Rumor of mass exodus attracts hundreds of Cubans looking to escape the island
A scene from the Mariel Exodus of 1980

How much better is life in Cuba under the rule of the magnanimous reformer dictator Raul Castro? So good, apparently, that when rumors of a mass exodus reached a fever pitch, hundreds of Cubans showed up at a port ready to escape the island paradise.

Juan Tamayo has the report in The Miami Herald:

Hundreds of Cubans turn up for rumor of mass exodus

It was only a rumor. But several hundred people turned up at a remote Cuban port on the last days of 2013, some carrying inner tubes, hoping to reach the ship said to be waiting offshore for anyone who wanted to escape the island.

“Police, state security and border guards sealed off the town, and still people were arriving,” said Antonio Luis Caballero, a farmer and dissident from Gibara, 478 miles southeast of Havana.
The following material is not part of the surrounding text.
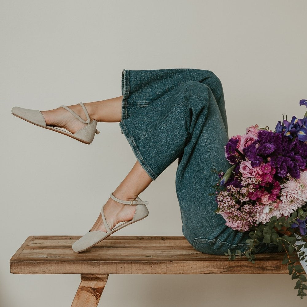 Beige suede leather Shapen Orchid flats with tan rubber soles. A toe box and heel cup bookmark each end of the shoe with a round strap that zig zags from the toe box to the ankle/heel cup to keep the shoes secured to the foot. Styled here  on a woman in jeans laying back on a wooden bench with flowers in her lap in a white studio setting.

The rumor about a possible mass exodus through Gibara starting Dec. 24 was the latest in a growing string of odd rumors about everything from official corruption to the kidnappings of children and even satanic rites, several island residents said.

One recent rumor had posters appearing around Havana with the words, “Mothers will weep and children will disappear,” said independent journalist Roberto de Jesus Guerra. Two other rumors had young girls kidnapped in separate neighborhoods of the capital and Vice President Marino Murillo escaping Cuba with millions of dollars.

Theories about what sparked the rumors vary.

Guerra blames “the level of disinformation in Cuba,” a country where the communist government controls and censures all mass media outlets in print, radio and television.

Retired University of Havana Prof. Enrique Lopez said he has noticed the recent increase in wild rumors and chalks it up to an increase in “tensions and anxiety” generated by the island’s shift toward a more market-oriented economy.

Dissident Jose Daniel Ferrer of the Cuban Patriotic Union (UNPACU) said he believes the rumors are part of an effort by state security agents to manufacture a bit of bedlam — and then identify those who dare criticize the government.